### REQUIREMENT
Your task is to transcribe all of the data below exactly, omitting the images.
MATERIAL PROVIDED Block Start
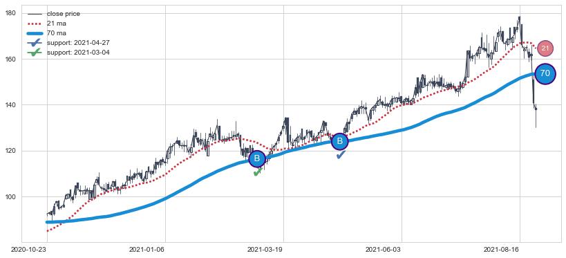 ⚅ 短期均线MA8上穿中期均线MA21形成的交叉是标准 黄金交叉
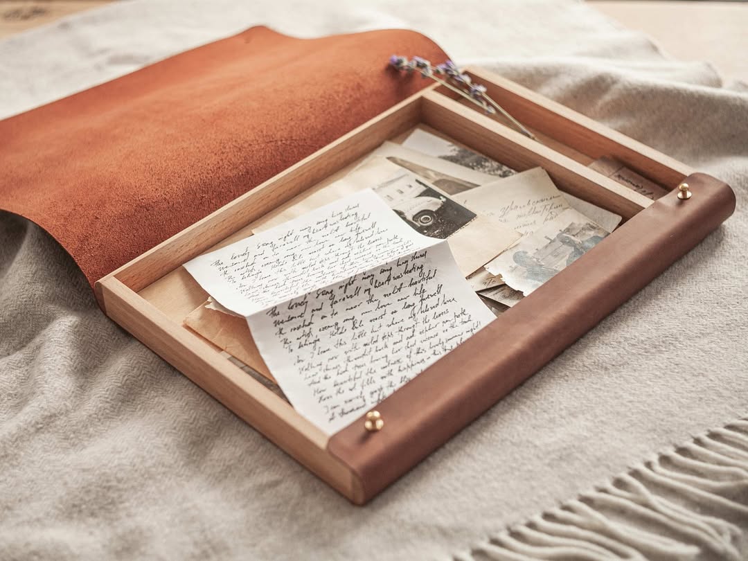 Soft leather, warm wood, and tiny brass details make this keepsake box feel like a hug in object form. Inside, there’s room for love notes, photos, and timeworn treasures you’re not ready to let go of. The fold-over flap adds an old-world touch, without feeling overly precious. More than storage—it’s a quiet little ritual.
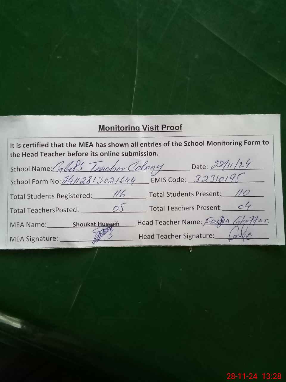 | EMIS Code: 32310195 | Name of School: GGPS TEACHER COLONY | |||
MATERIAL PROVIDED Block End
### COMPLETED TASK
 ⚅ 短期均线MA8上穿中期均线MA21形成的交叉是标准 黄金交叉
 Soft leather, warm wood, and tiny brass details make this keepsake box feel like a hug in object form. Inside, there’s room for love notes, photos, and timeworn treasures you’re not ready to let go of. The fold-over flap adds an old-world touch, without feeling overly precious. More than storage—it’s a quiet little ritual.
 | EMIS Code: 32310195 | Name of School: GGPS TEACHER COLONY | |||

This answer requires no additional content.